S’il n’a jamais prononcé l’expression, Nicolas Hulot s’est plaint d’une forme de tribunal médiatique. « Cette émission m’a convoqué comme dans un commissariat de police et sommé de venir. Je ne suis pas seulement jugé, je suis condamné à perpet’ », a-t-il affirmé.Il a déploré une « justice en direct » : « La justice et la vérité ne peuvent pas jaillir sur un plateau de télévision. » « Nous sommes sur un plateau de télévision... », lui a alors fait remarquer Bruce Toussaint. « Non, non… c’est ma vérité… », a bafouillé l’ancien animateur d’« Ushuaïa ».
Dans la plupart des affaires de violences sexuelles médiatisées, les mis en cause contre-attaquent dans un média où le questionnement sera faible, voire inexistant.
L’ancien ministre de l’environnement n’est pas la seule personnalité accusée de violences sexuelles à recourir à cette stratégie médiatique. Au mois de février, anticipant la révélation de la plainte de sa fille Coline Berry dans Le Point et sachant qu’une enquête du Monde était en cours, l’acteur Richard Berry a décidé de publier un communiqué sur son compte Instagram dans lequel il démentait toutes « relations déplacées ou incestueuses ».
Dans la plupart des affaires de violences sexuelles médiatisées, les mis en cause refusent – et c’est tout à fait leur droit – de répondre aux journalistes les questionnant précisément sur les faits reprochés, se contenant d’un démenti écrit laconique ; puis ils contre-attaquent dans un média où le questionnement sera faible, voire inexistant.
En février, Patrick Poivre d’Arvor, accusé de viol par Florence Porcel, refuse de répondre aux questions du Parisien, se contentant d’un simple SMS dénonçant des « accusations qui ne peuvent être que fantaisistes ». Lorsque Le Monde publie huit nouveaux témoignages, à nouveau aucune réponse précise sur chaque fait dénoncé. Il fait savoir par le biais de son avocate, qu’il « conteste les quelques allégations qui lui ont été communiquées », qu’il « réfute toute accusation qui évoquerait des faits non consentis », et dénonce « un tribunal où les médias et les réseaux dits “sociaux” sont à la fois juges et procureurs ». Le 3 mars, il choisit de se rendre dans l’émission « Quotidien », pour dénoncer pendant près de trente minutes une « affabulation ».
Il en va de même du réalisateur Luc Besson. Resté publiquement silencieux face aux questions concernant les témoignages de neuf femmes dans Mediapart en 2018, il a mené une contre-attaque médiatique en octobre 2019, alors que l’enquête pour viol le visant était rouverte : sortie d’une autobiographie, un entretien au Point et une heure de prime time sur BFMTV, la chaîne dirigée par son ami Marc-Olivier Fogiel.

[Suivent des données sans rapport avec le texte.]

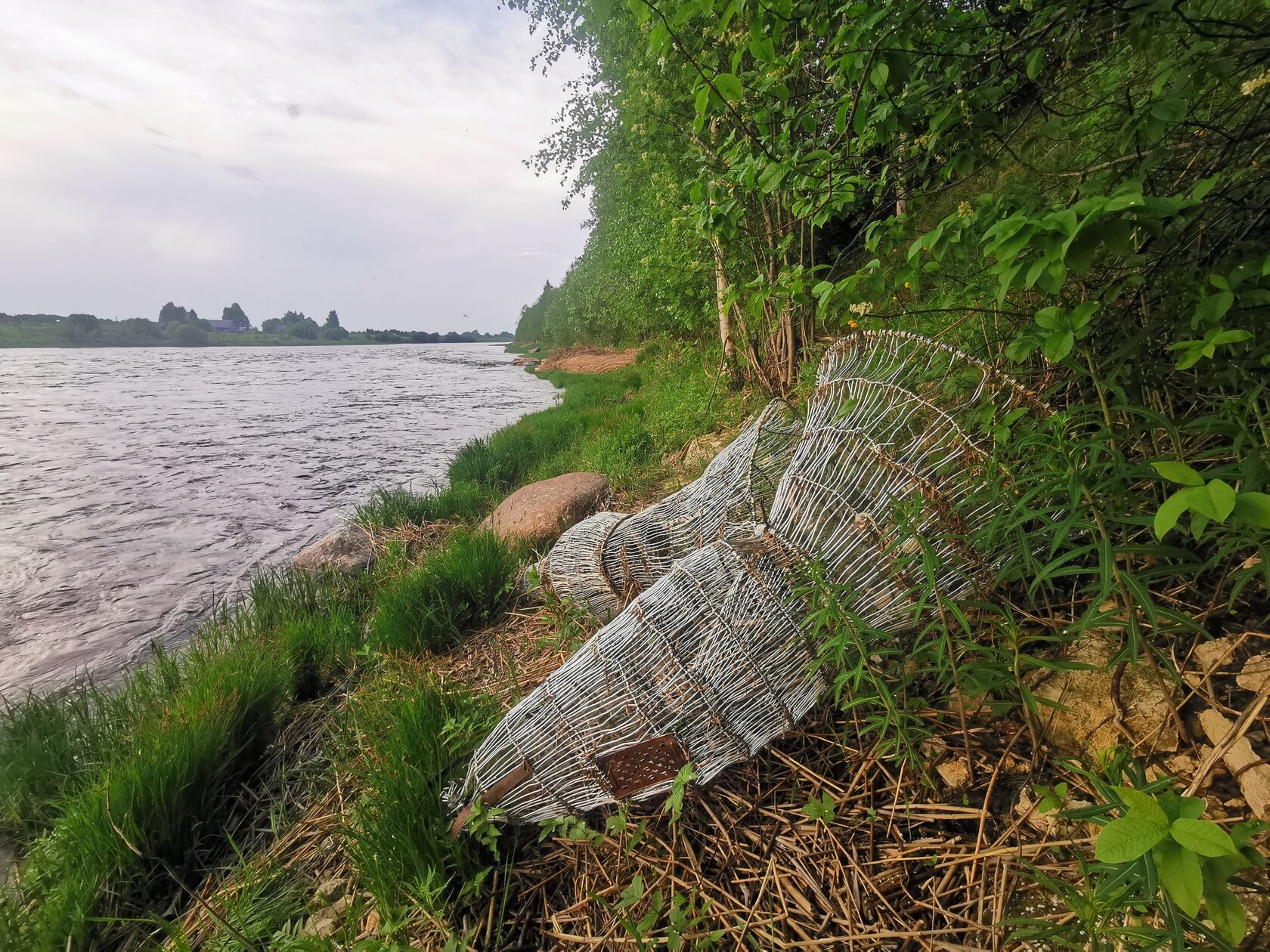 17:10 Прошли два порожка. Миша объясняет: «Если вода черная — глубина. Если коричневая — может быть близко дно». По краям видны камешки, бурлит вода. Живописные рыболовные снасти на берегу (морды/вёрши/рюжи). «Попажа» обошла «Пошто» (с которого велась съёмка) и «Поветерь», которая пришвартовалась к лесочку, идём первыми.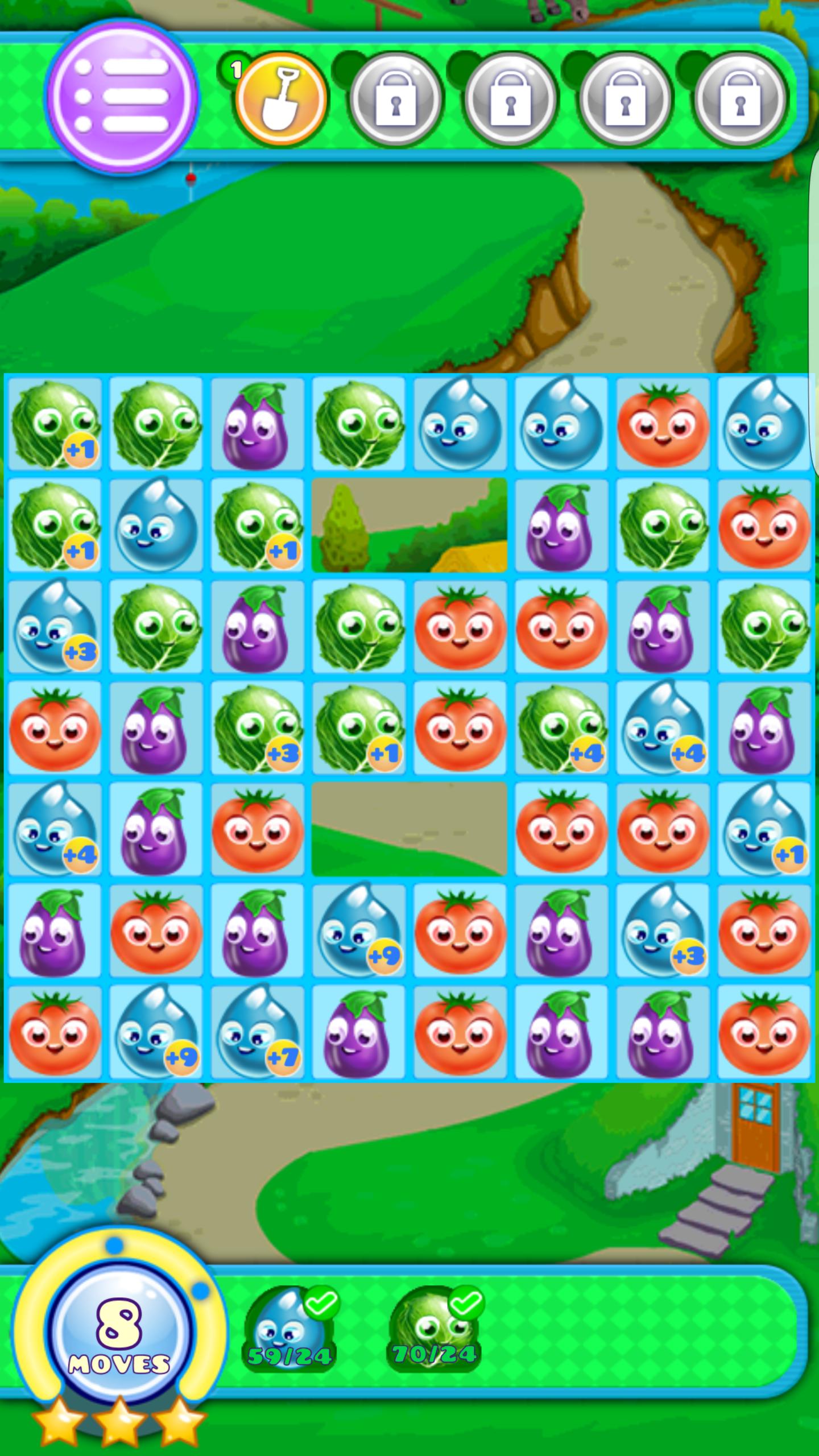 Сопоставьте 3 культуры того же типа вместе, чтобы собрать их!

Il a dénoncé un « mensonge de A à Z » de la plaignante et a balayé l’unique question portant sur les huit autres témoignages, assurant simplement qu’il ne savait pas « qui c’est » et « de quoi on parle » – alors même que quatre d’entre elles avaient témoigné, sous leurs noms, auprès de la justice.
En novembre 2019, accusé par la photographe Valentine Monnier de viol dans une enquête du Parisien, Roman Polanski refuse de s’exprimer, opposant un court démenti via son avocat. Le mois suivant, il fait la une de Paris Match avec un entretien présenté comme la « grande explication », sans que la contradiction ne soit portée. « La sortie de votre dernier film, J’accuse, a été perturbée par des accusations de viol. Malgré la polémique, c’est néanmoins un succès. C’est une revanche ? Un soulagement ? », lui demande alors l’hebdomadaire en préambule.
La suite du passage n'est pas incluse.